I claim that the sum of such monomials indexed by all possible subsets $S$ of the set $\{1,2,\dots, n\}$ is zero.
For example, when $n=3$, we have the following: $$S=\phi: -x_3x_2x_1$$ $$S=\{1\}: x_1x_3x_2$$ $$S=\{2\}: x_2x_3x_1$$ $$S=\{3\}: x_3x_2x_1$$ $$S=\{1,2\}:-x_1x_2x_3$$ $$S=\{1,3\}:-x_1x_3x_2$$ $$S=\{2,3\}:-x_2x_3x_1$$ $$S=\{1,2,3\}:x_1x_2x_3$$ Then, we can see that the sum is indeed zero.
I know two ways of proving this. One is a proof by induction on $n$ which is quite short and straightforward, but isn't really that illuminating and interesting. Another is a high-tech proof which is by using properties of Hopf algebras: One can think of these non-commuting variables to be generators of a free algebra, and then, the above sum of monomials reduces to one of the defining axioms of Hopf algebras relating the antipode to the multiplication and the comultiplication.
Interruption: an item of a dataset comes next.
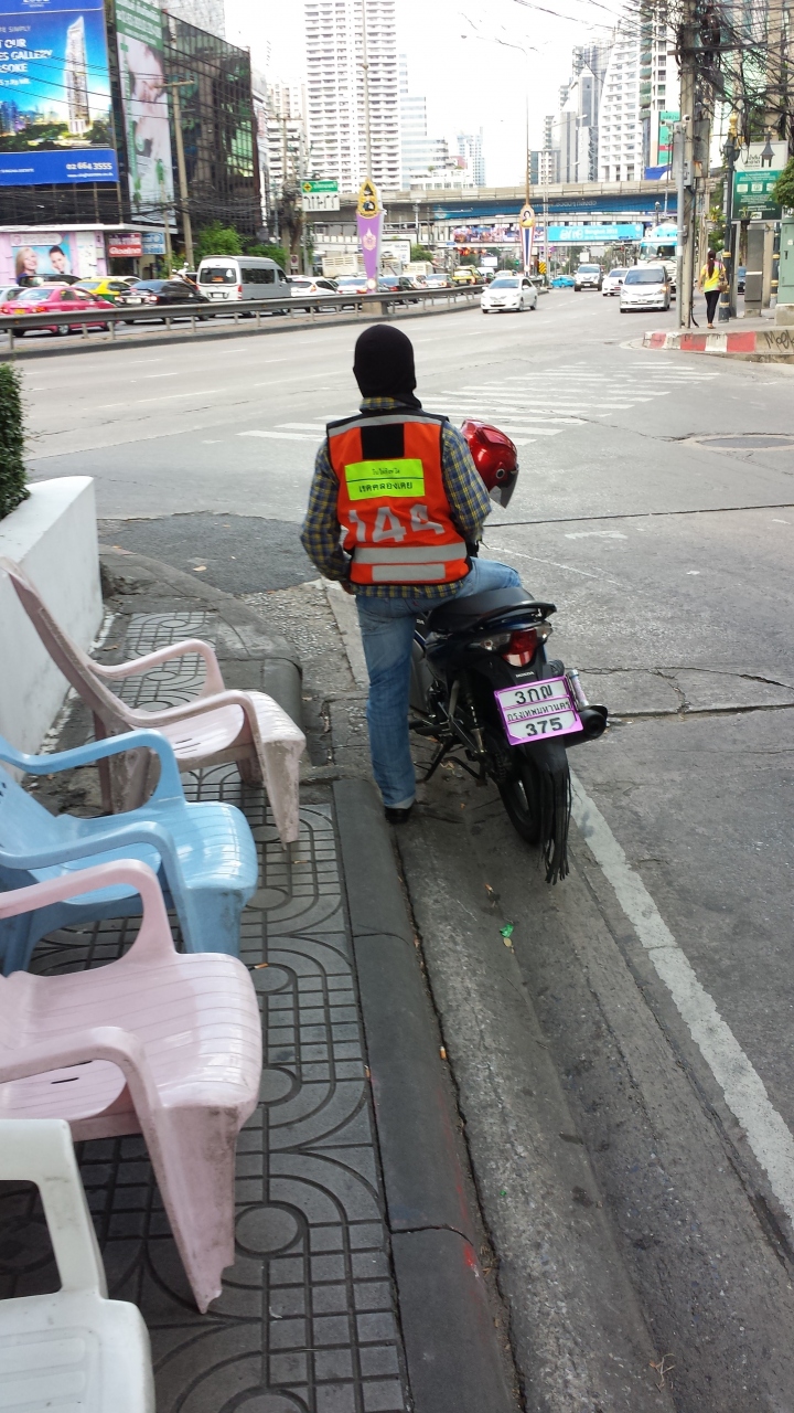 バンコクのいたるところに蛍光色のジャケットをきた人がバイクのそばでたむろしている姿を見かけますが彼らがバイクタクシーの人たちです。ヘルメットなしで二人乗りで移動することになるので慣れるまでは結構怖い。料金は交渉性。ちょっとした移動で20~40バーツぐらいが相場か?渋滞時はすり抜けて移動できるので急いでいるときには便利。ただし長距離には向かない。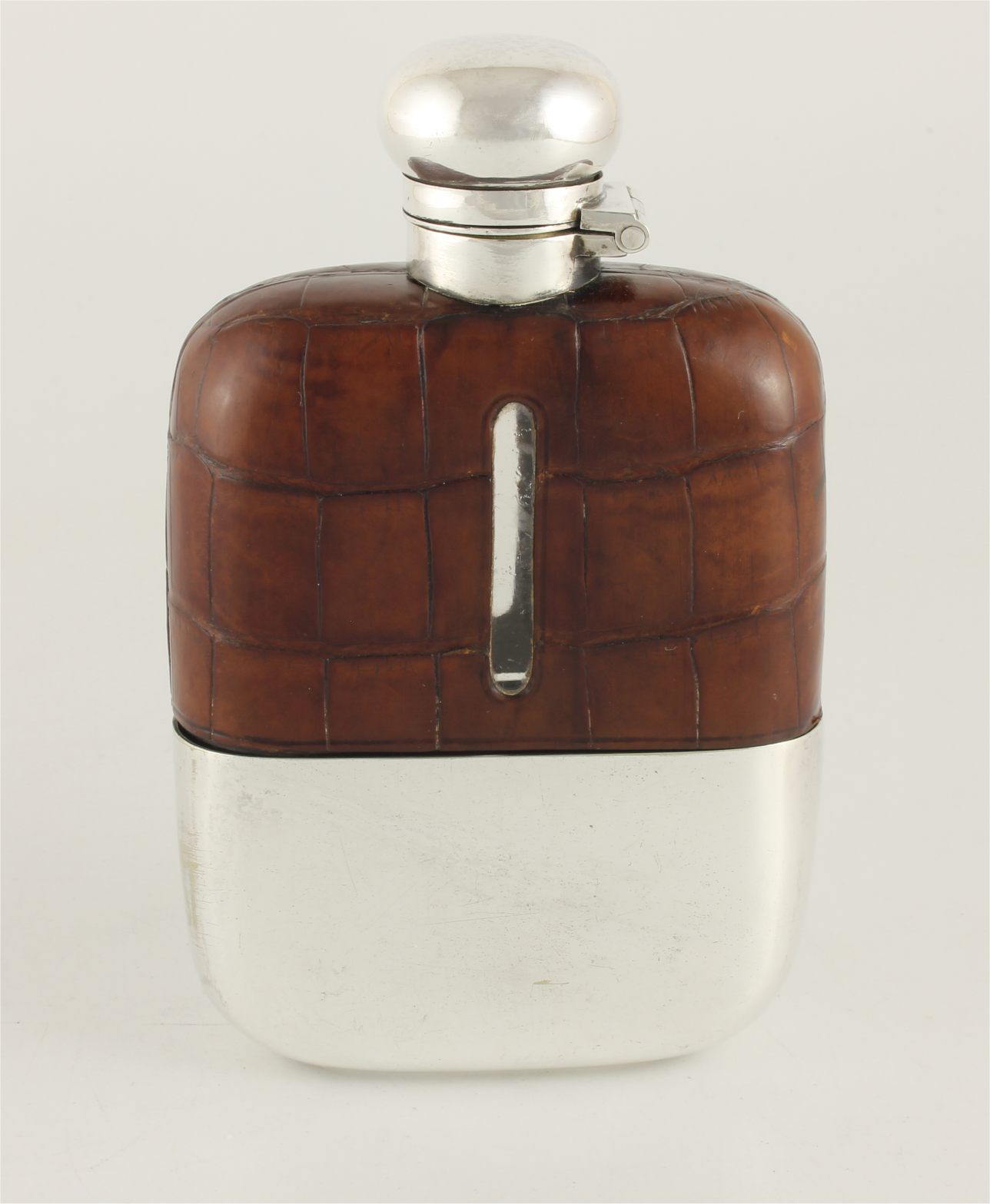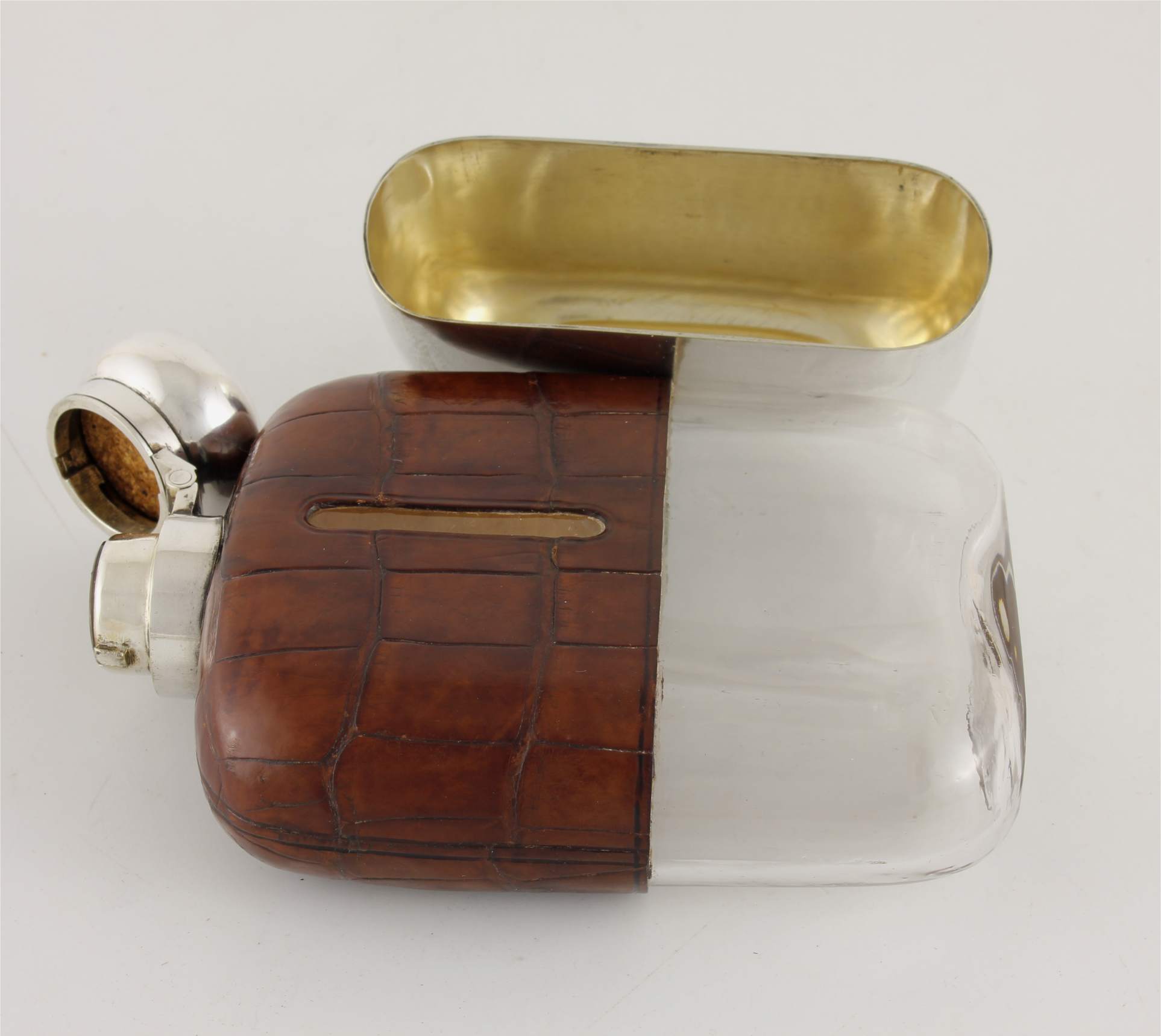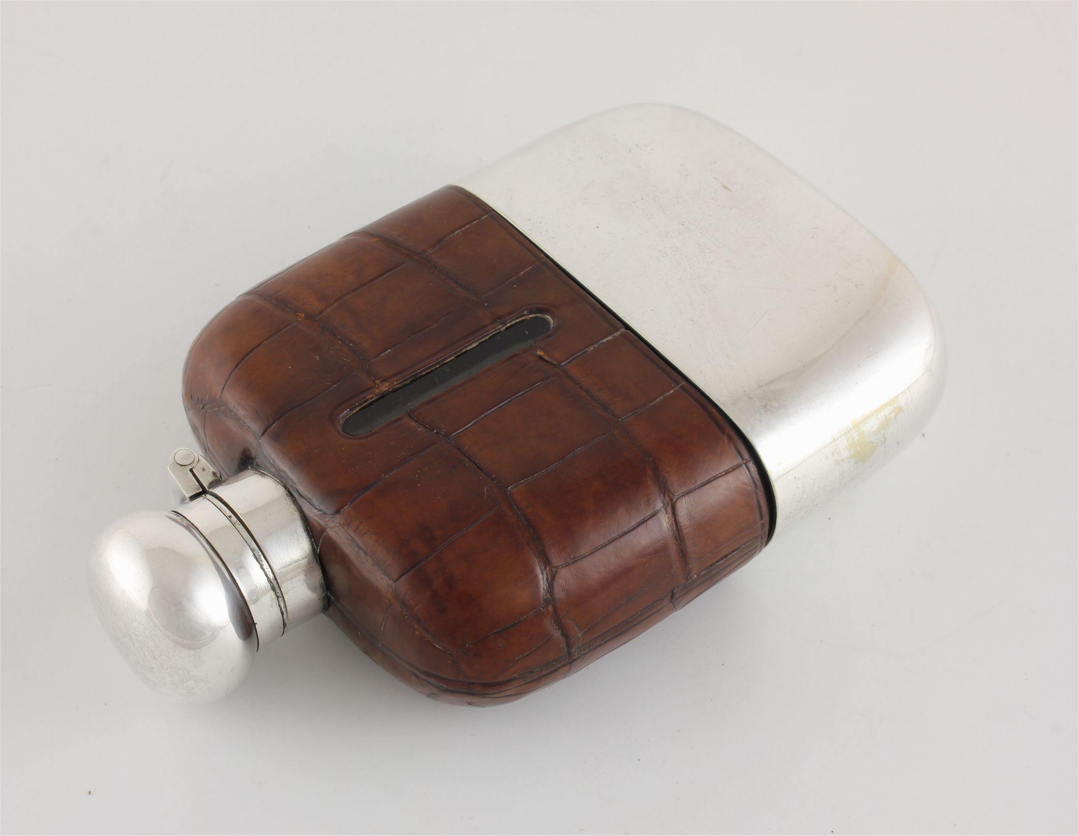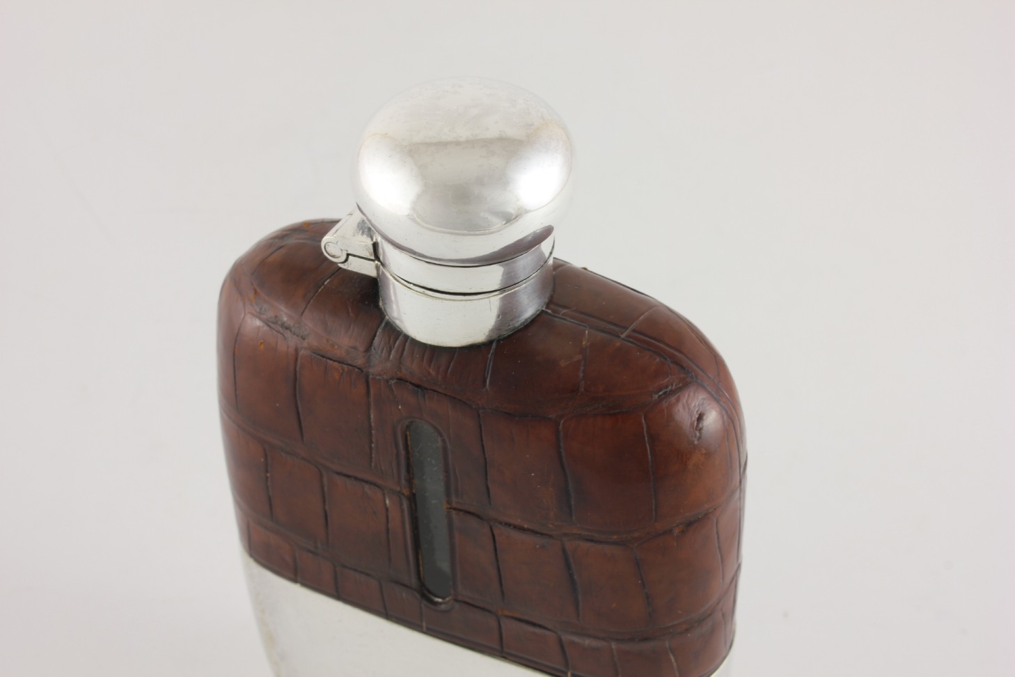 This antique glass spirit hip flask which dates from c1900 is covered in a handsome dark brown crocodile effect leather to the top half with a sight level to both sides.

But really, this seems like a combinatorial statement and it would be nice to have some kind of bijection/counting argument to show why this sum is zero.
I'll use the same notations as you. For each $S=\{s_1,\dots,s_t\}$, you can define $S'$ by either $S':=S\cup \{n\}$ if $n\not\in S$ or $S':= S\setminus \{n\}$ if $n\in S$.
Then $S\mapsto S'$ is a bijection on $\mathcal{P}(\{1,\dots,n\})$ (indeed, $S''=S$), and the monomials corresponding to $S$ and $S'$ cancel each other (they have opposite signs). Therefore the whole sum is zero.